What to produce: The listing below holds a line with "June 5, 1991: Four" and a later line with "CFB. Canadian Forces". Write out those two lines and every line between them, exactly, and nothing else.

--- Data extract Enclosed Below ---

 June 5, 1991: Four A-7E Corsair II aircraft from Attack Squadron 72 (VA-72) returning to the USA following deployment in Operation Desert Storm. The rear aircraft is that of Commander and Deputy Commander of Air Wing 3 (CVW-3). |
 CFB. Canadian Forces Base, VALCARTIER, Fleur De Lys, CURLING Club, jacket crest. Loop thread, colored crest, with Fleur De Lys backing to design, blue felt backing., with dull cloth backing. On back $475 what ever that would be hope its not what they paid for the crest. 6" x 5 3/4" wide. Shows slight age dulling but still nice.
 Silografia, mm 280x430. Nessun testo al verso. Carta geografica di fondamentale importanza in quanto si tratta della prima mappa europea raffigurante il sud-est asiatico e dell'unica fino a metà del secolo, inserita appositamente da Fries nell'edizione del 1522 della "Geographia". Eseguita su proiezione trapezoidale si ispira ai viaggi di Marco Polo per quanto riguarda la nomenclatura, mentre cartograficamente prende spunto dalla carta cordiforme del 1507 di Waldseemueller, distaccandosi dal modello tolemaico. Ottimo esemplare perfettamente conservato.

--- End of Enclosed Data extract ---
--- Data extract Enclosed Below ---

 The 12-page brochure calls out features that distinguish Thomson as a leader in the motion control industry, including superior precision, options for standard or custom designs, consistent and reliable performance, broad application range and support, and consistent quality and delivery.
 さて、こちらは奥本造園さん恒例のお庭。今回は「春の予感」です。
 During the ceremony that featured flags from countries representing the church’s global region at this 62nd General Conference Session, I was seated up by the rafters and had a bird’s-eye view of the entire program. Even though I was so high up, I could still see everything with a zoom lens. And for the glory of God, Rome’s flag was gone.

--- End of Enclosed Data extract ---

Written reply:
 June 5, 1991: Four A-7E Corsair II aircraft from Attack Squadron 72 (VA-72) returning to the USA following deployment in Operation Desert Storm. The rear aircraft is that of Commander and Deputy Commander of Air Wing 3 (CVW-3). |
 CFB. Canadian Forces Base, VALCARTIER, Fleur De Lys, CURLING Club, jacket crest. Loop thread, colored crest, with Fleur De Lys backing to design, blue felt backing., with dull cloth backing. On back $475 what ever that would be hope its not what they paid for the crest. 6" x 5 3/4" wide. Shows slight age dulling but still nice.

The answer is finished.